Suppose L_p is the usual Lebesgue space over (0,1) if you wish. Suppose T_j:L_1-->L_2 defines a sequence of continuous linear operators. Suppose l_1(L_1) is the Banach space of sequences from L_1 with norm (f_j_j-->||f_1||+||f_2||+... . Suppose L_2(l_inf) is the Banach space of sequences (f_j)_j from L_2 with the norm (f_j)_j-->||sup_j|f_j||. Finally, suppose T:l_1(L_1)-->L^2(l_inf) is a linear map defined by
(f_j)_j-->(T_j(f_j))_j.
It seems to me that the fact that T is well-defined, i.e. all outputs are in L_2(l_inf), AND each T_j is continuous implies T is continuous by the closed graph theorem. This is because the candidate limit (f_j)_j when arguing T has a closed graph has to satisfy f_j=T_j(x_j) where (x_j^n)_j converges to (x_j)_j in L_1(l_1).

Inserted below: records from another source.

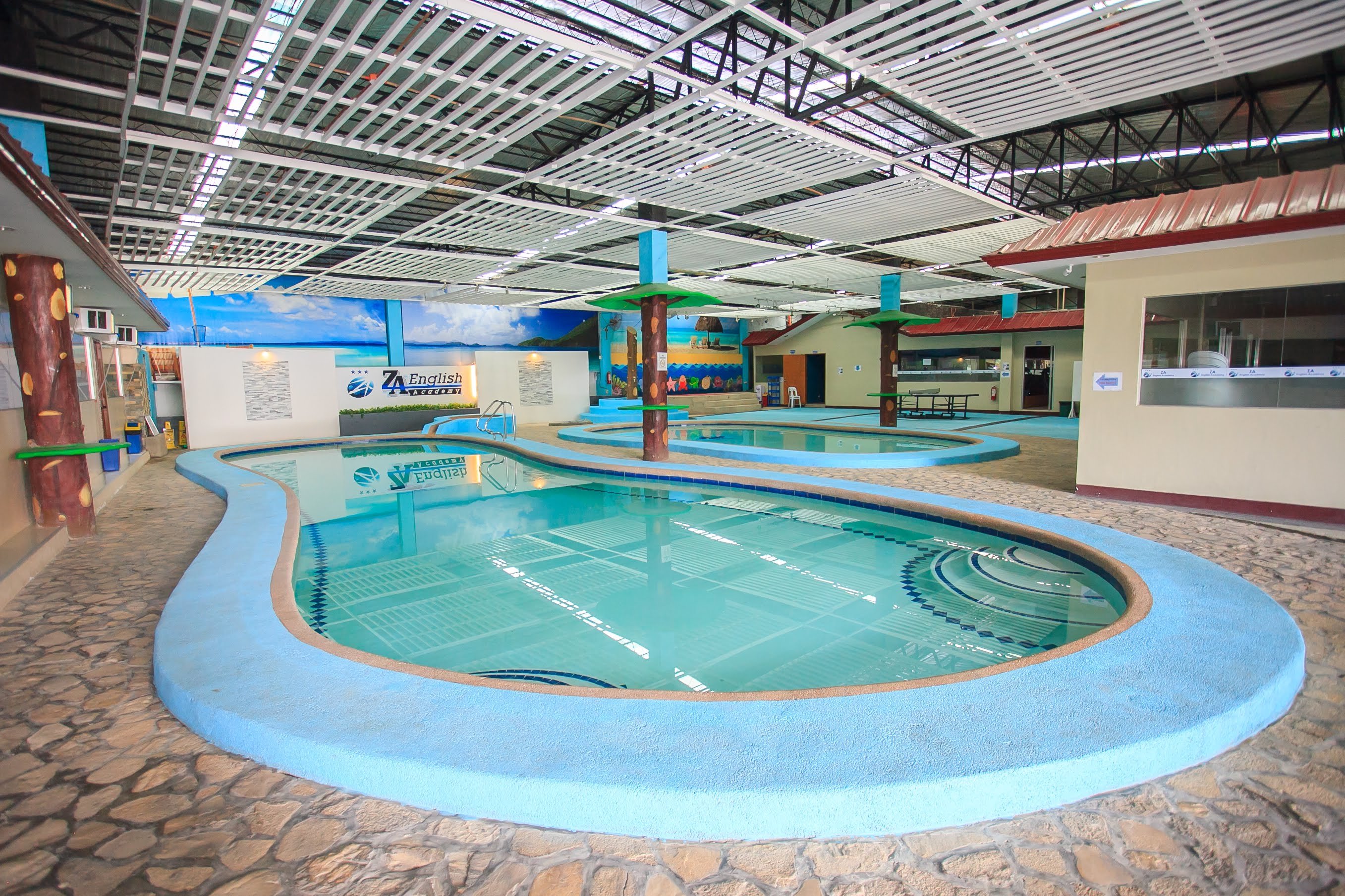 가성비 어학원이라고 하지만 수영장도 있습니다.  ZA 아카데미를 리모델링해서 아직 ZA시절의 흔적이 남아있습니다.
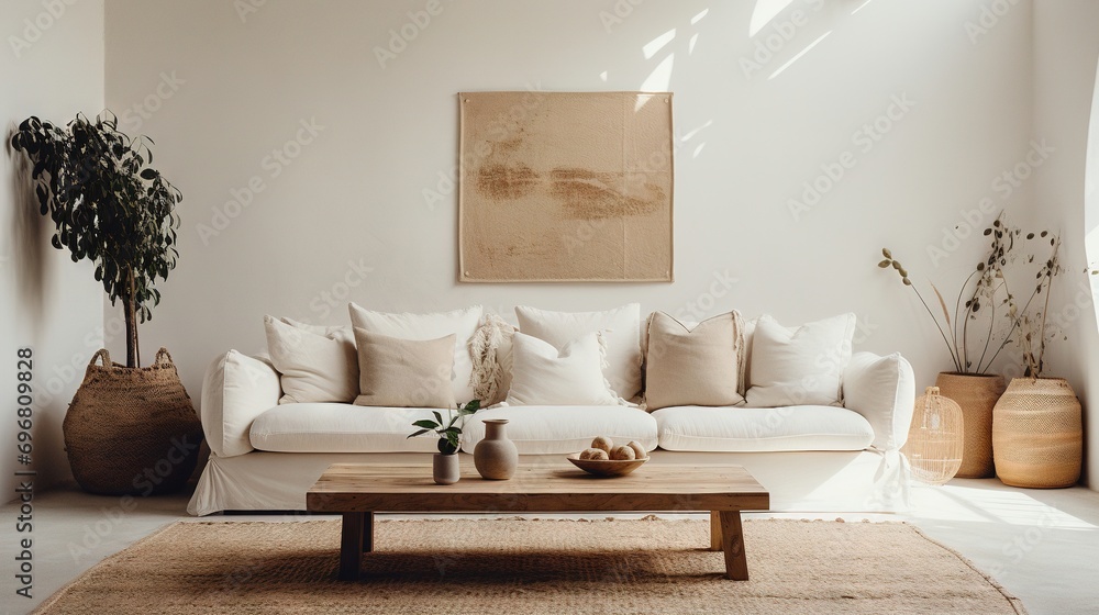 Bright and airy living room with cozy sofa and natural decor in a modern interior space
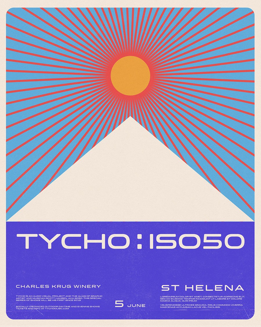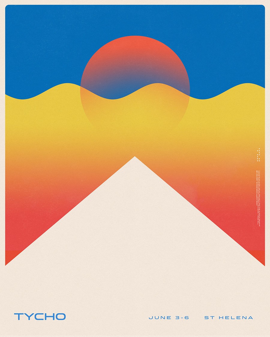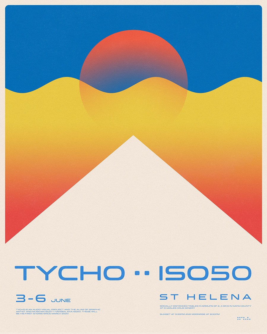 The man behind Tycho, Scott Hansen, is also a graphic designer known professionally as ISO50. You might know him from his ISO50 blog. He is responsible for most of Tycho’s artwork, including many posters.
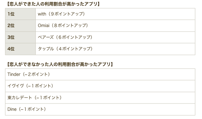 恋人ができた女性とできなかった女性で、利用アプリにどのような差があるかも調べました。
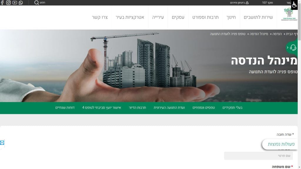 צילום מסך טופס פניה לועדת התנועה טופס מקוון

My uncertainty stems from the following example. Fix T_1 and let T_j=log(j+9)T_1 for j>2. Since this sequence (T_j)_j is not uniformly L_1-->L_2 bounded, the corresponding operator T cannot be bounded(continuous). However, the slow growth of the operator norms is slow enough so that for (f_j)_j in L_1(l_1),
||sup_{j\le N}|T_j(f_j)|||